_Activity:_
Any pictures in the records below must be left out when you repeat the lines from the line containing "- wiatroszczelna i" through the line containing "Lcd 16X4 Display TM164B" exactly.

_Provided material:_

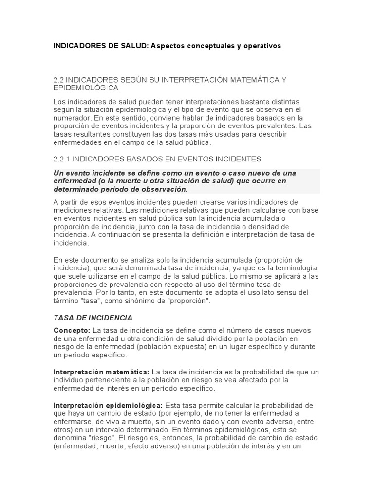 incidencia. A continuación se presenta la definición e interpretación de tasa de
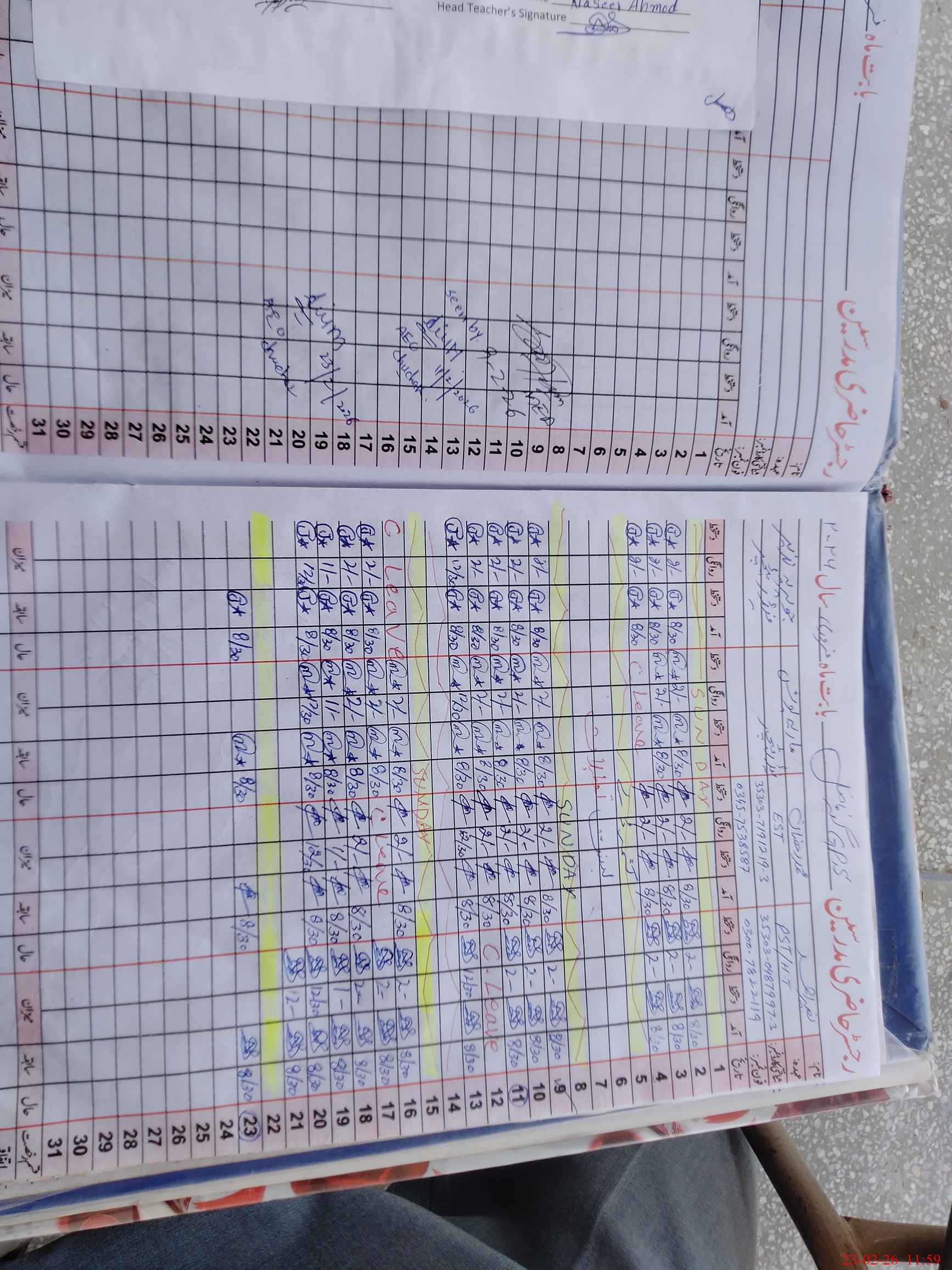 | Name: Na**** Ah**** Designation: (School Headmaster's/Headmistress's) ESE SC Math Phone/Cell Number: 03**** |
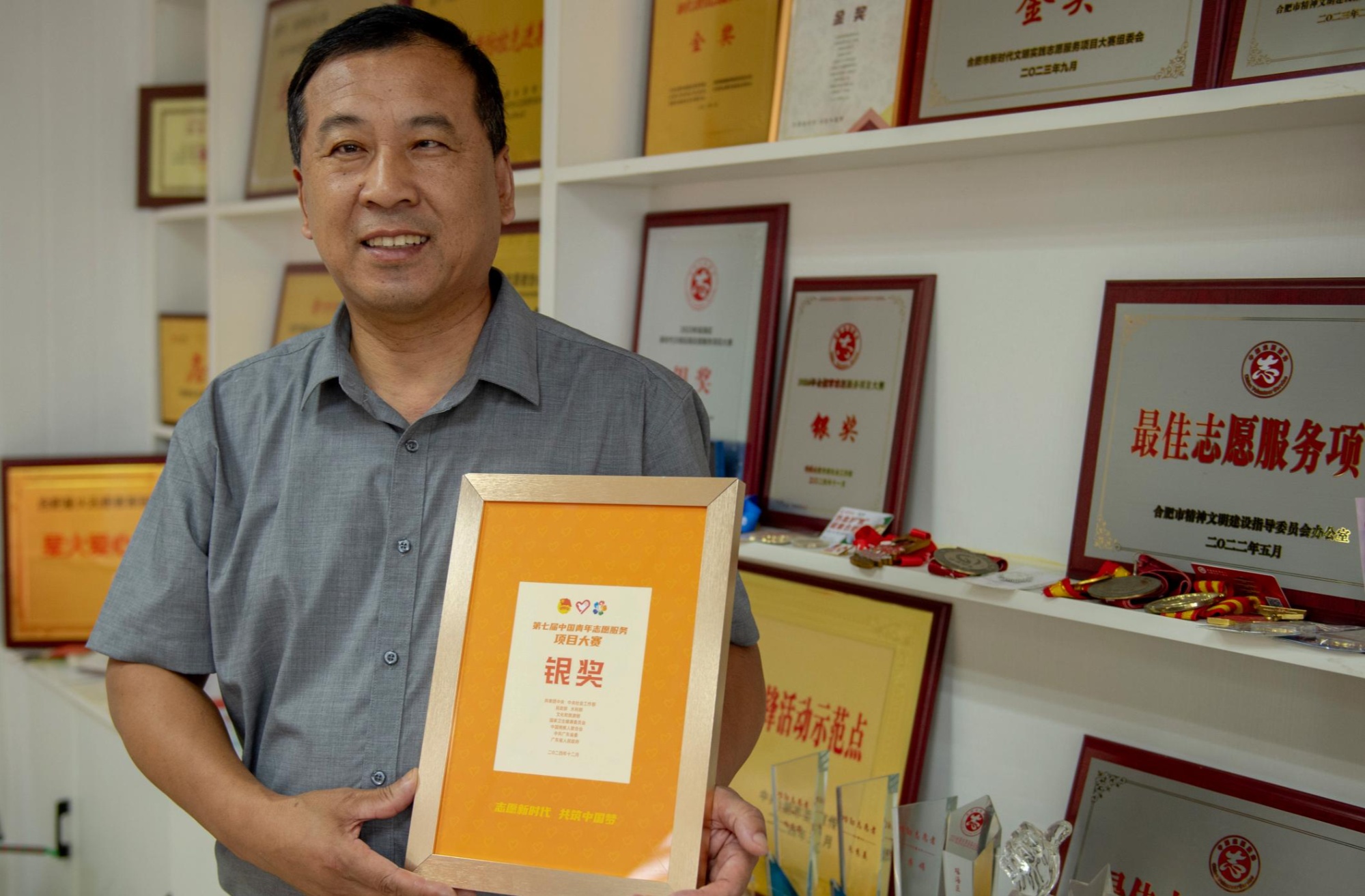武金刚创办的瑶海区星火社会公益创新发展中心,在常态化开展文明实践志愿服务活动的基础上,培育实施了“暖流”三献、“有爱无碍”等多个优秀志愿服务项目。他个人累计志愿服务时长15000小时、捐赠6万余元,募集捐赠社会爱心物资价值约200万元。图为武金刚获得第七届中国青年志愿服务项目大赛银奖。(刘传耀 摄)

...

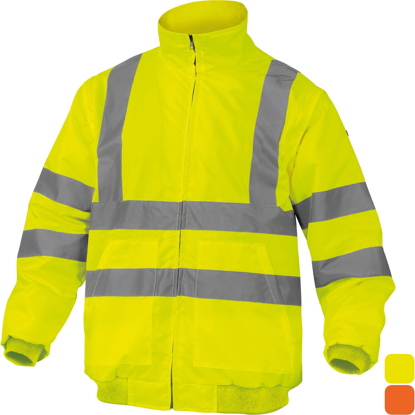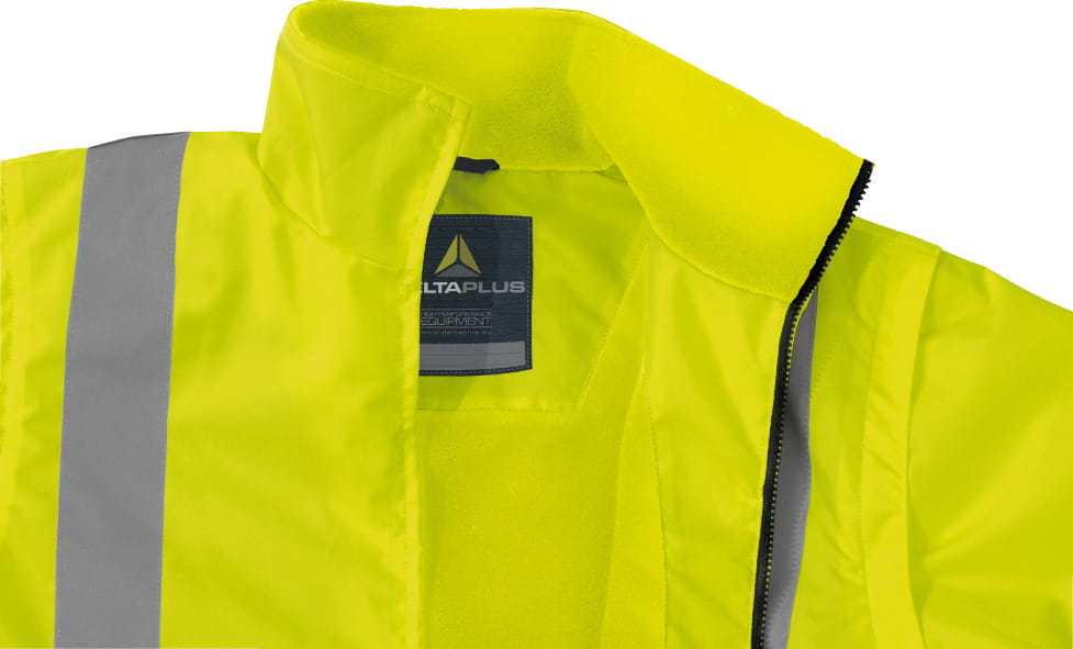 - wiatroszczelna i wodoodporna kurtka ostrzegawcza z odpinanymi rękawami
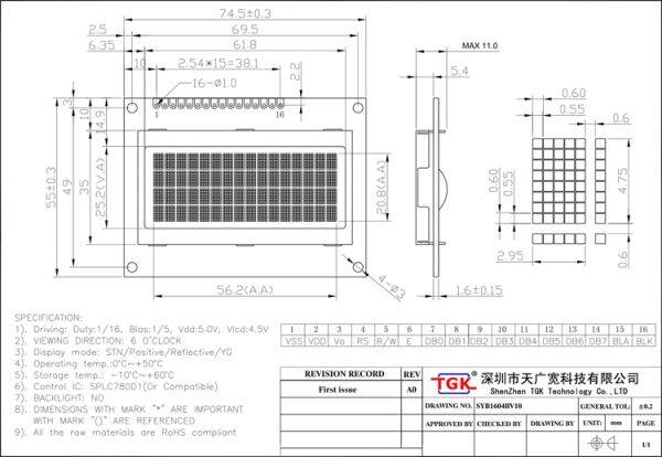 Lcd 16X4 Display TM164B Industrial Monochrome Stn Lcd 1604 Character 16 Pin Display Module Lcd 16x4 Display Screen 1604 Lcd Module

_Exercise solution:_
 - wiatroszczelna i wodoodporna kurtka ostrzegawcza z odpinanymi rękawami
 Lcd 16X4 Display TM164B Industrial Monochrome Stn Lcd 1604 Character 16 Pin Display Module Lcd 16x4 Display Screen 1604 Lcd Module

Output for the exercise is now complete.